Stumped on what kind of business to start? Here are some of the best business ideas that target college students:

1. Organization merchandise

Sororities, fraternities, and other types of student organizations often distribute various kinds of merchandise to their members for representation and “brand” awareness. The most common type of merchandise that student organizations need are T-shirts with their name, logo, and (sometimes) slogans printed on the fabric. Thus, starting a T-shirt printing business can be highly profitable since you already have a list of viable clients in mind.

A T-shirt printing business does not require huge capital, but it can be expensive for an average college student. You would need a printing machine such as an auto-open or automatic heat press, a wide variety of T-shirt sizes and colors for samples, a laptop, and design software. That said, saving up a sizeable capital is a must if you want to pursue this type of endeavor—either that, or you can find other means of funding like personal loans or using your credit cards.

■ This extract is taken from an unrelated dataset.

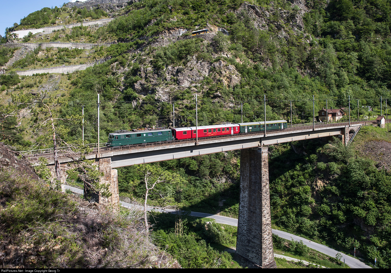 | Ae 6/6 # 11411 "Zug" of SBB Historic with the "Erlebniszug Nordrampe" from Göschenen to Erstfeld is crossing the 127 meter long and 53 meter high Chärstelenbach bridge between Gurtnellen and Amsteg-Silenen. Note the post bus high on the steep mountain slope on the narrow and curvy road to Bristen in the Maderaner valley. |
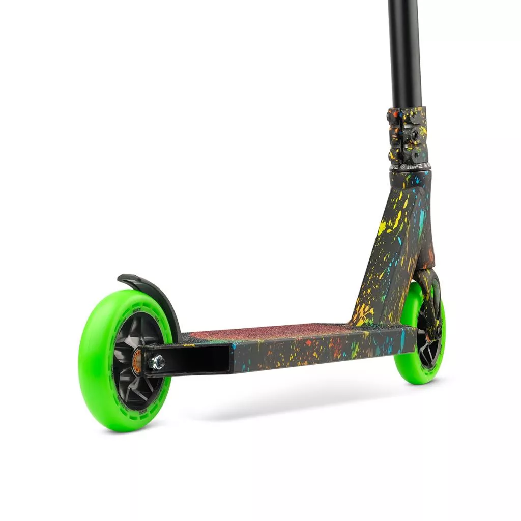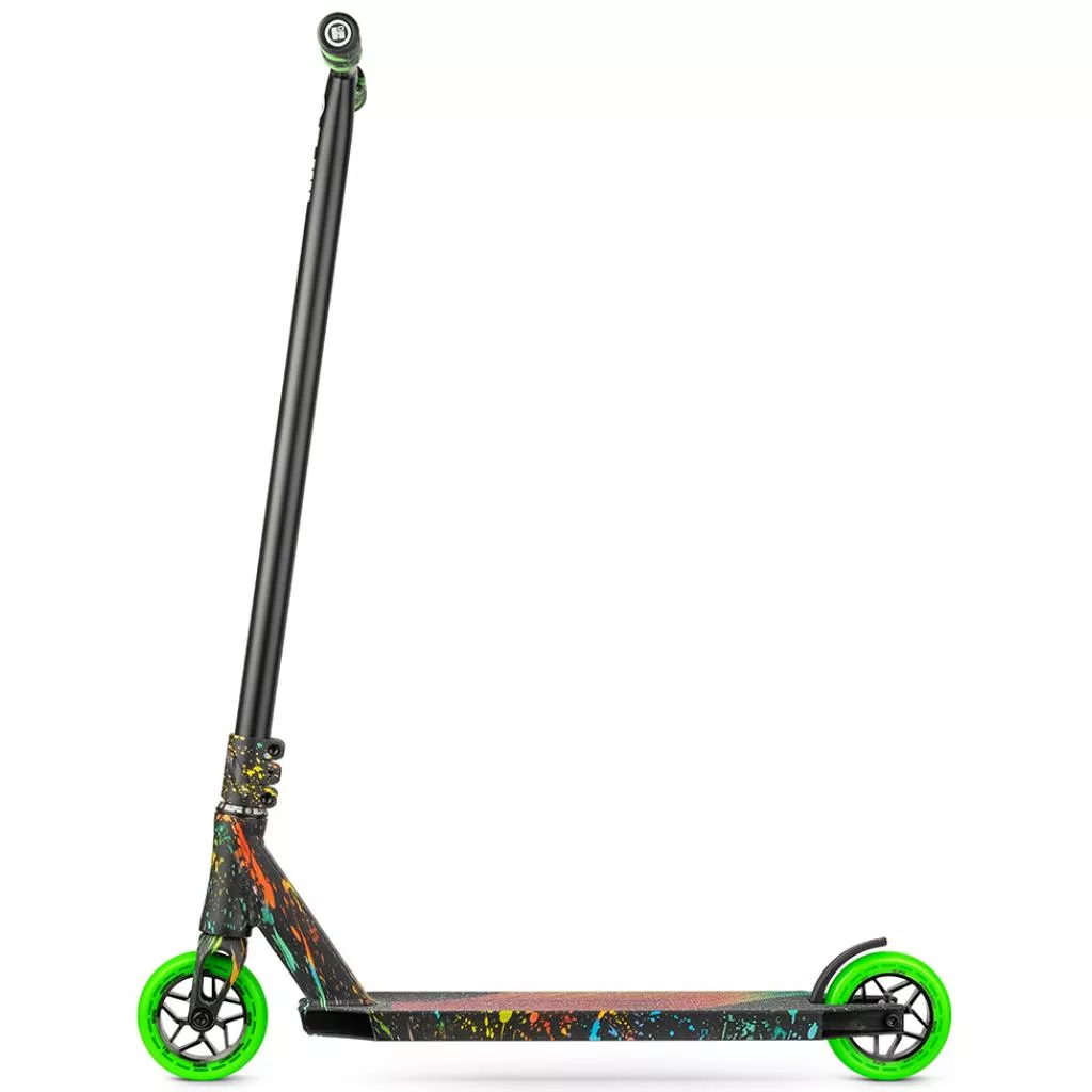 Основной особенностью модели являются инновационные алюминиевые спицевые колеса диаметром 115 и шириной 26 мм, не имеющие аналогов на рынке. Такие колеса обеспечивают золотую середину между хорошим накатом и устойчивостью на приземлении, а также повышают контроль при скольжении по препятствиям. Амортизационный профиль во внешней части дает возможность гасить удары во время исполнения трюков, а жесткость в 88А делает их оптимальными как для паркового, так и для городского покрытия.

2. Proofreading and editing services

A large bulk of college assignments consists of essays, theses, term papers, and other types of written text. And for many students, proofreading is something that they simply do not have enough time (or skills) for. So, if you have a knack for finding faults in papers and editing them, offering your services to other students can earn you a pretty penny.

student entrepreneur

3. Errands

A lot of college students don’t have the time nor the energy to run errands regularly. These errands often include picking up dry cleaning, going to the post office, grocery shopping, dropping off recyclables, and filling the car with gas. That said, you can make doing errands for other people a highly profitable business, especially during the busiest parts of the semester where students are too busy studying.

When it comes to pricing, it helps to get a feel for how much people are willing to pay for someone else to do their errands for them. You can do this by asking your target market to answer surveys, then basing your pricing off of the results.

4. Cleaning services

Just like running errands, most college students don’t like to clean frequently. A lot of them also live with roommates; a type of living set-up where it is not unusual for there to be constant battles of who does which chore and when. As a result, you can typically find college dwellings in varying states of uncleanliness and disorganization.

A cleaning business can be a saving grace for many college students. It requires little capital and only basic cleaning skills on your part. And if you actually enjoy cleaning, running your business can feel more like a hobby than a job. You can even offer after-party cleanup services to take care of the mess that students dread the most after a raging party the previous night—and most are willing to pay a significant amount for someone else to clean for them.

5. Dog-walking services

Not a lot of college students have pets, so dog-walking may be more of a side hustle than the main business. However, you can also offer your services to other residents where you live, and spending time with dogs can even be a great stress reliever from your studies.

6. Transcription services

It is rare for lectures to have a hundred percent attendance, and people miss class for various reasons. If you want to make money while attending your classes, why not transcribe your professor’s lectures and sell the notes to people who miss a class? You can even sell them to people who show up, too—your transcriptions can be better than the lecture notes they’ve taken in class.

Apart from turning a normal part of your routine into a business, doing so can also motivate you to attend all of your classes and listen closely to your lectures. Who knows? Maybe it will help your grades climb up, too.

These are just some of the student-centric business ideas that you can consider if you want to make money while in college. While they may not be long-term businesses, you can certainly save up money and build your skills for your future entrepreneurial endeavors.